*** Source material Section Begins ***

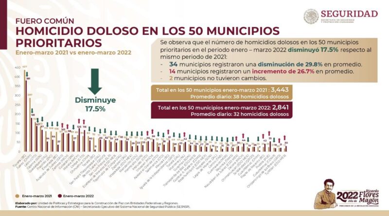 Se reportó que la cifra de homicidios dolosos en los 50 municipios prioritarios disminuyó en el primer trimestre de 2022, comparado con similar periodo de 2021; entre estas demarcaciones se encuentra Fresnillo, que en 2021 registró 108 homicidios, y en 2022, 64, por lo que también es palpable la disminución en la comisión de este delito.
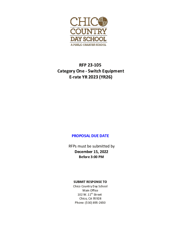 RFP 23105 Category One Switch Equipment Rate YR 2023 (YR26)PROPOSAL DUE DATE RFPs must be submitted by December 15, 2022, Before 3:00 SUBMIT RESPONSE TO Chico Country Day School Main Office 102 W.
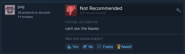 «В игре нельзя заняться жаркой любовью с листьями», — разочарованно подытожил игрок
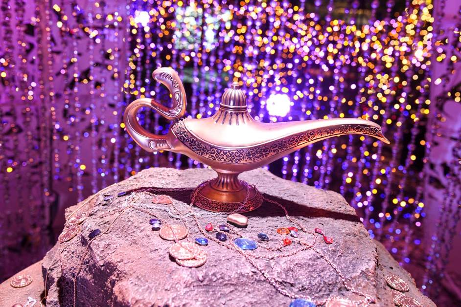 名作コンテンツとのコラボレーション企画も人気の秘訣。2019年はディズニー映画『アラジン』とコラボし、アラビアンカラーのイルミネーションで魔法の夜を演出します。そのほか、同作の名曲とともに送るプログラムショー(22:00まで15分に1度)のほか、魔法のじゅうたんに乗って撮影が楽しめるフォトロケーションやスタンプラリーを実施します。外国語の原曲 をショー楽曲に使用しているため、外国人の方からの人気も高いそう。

*** Source material Section Ends ***
*** Source material Section Begins ***

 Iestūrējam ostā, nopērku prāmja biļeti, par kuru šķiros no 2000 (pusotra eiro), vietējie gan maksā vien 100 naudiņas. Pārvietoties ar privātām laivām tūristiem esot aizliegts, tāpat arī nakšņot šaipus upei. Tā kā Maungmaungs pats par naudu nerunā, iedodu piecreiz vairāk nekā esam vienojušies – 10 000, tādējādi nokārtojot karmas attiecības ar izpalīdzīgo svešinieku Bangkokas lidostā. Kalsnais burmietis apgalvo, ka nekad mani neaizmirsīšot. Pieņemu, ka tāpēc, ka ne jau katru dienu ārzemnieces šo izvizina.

*** Source material Section Ends ***

• _How to complete this task_: If a picture sits between the line containing "RFP 23105 Category" and the line containing "名作コンテンツとのコラボレー", leave it out, and return the lines of that range above exactly, both ends included.

• _Reply to the task_:
 RFP 23105 Category One Switch Equipment Rate YR 2023 (YR26)PROPOSAL DUE DATE RFPs must be submitted by December 15, 2022, Before 3:00 SUBMIT RESPONSE TO Chico Country Day School Main Office 102 W.
 «В игре нельзя заняться жаркой любовью с листьями», — разочарованно подытожил игрок
 名作コンテンツとのコラボレーション企画も人気の秘訣。2019年はディズニー映画『アラジン』とコラボし、アラビアンカラーのイルミネーションで魔法の夜を演出します。そのほか、同作の名曲とともに送るプログラムショー(22:00まで15分に1度)のほか、魔法のじゅうたんに乗って撮影が楽しめるフォトロケーションやスタンプラリーを実施します。外国語の原曲 をショー楽曲に使用しているため、外国人の方からの人気も高いそう。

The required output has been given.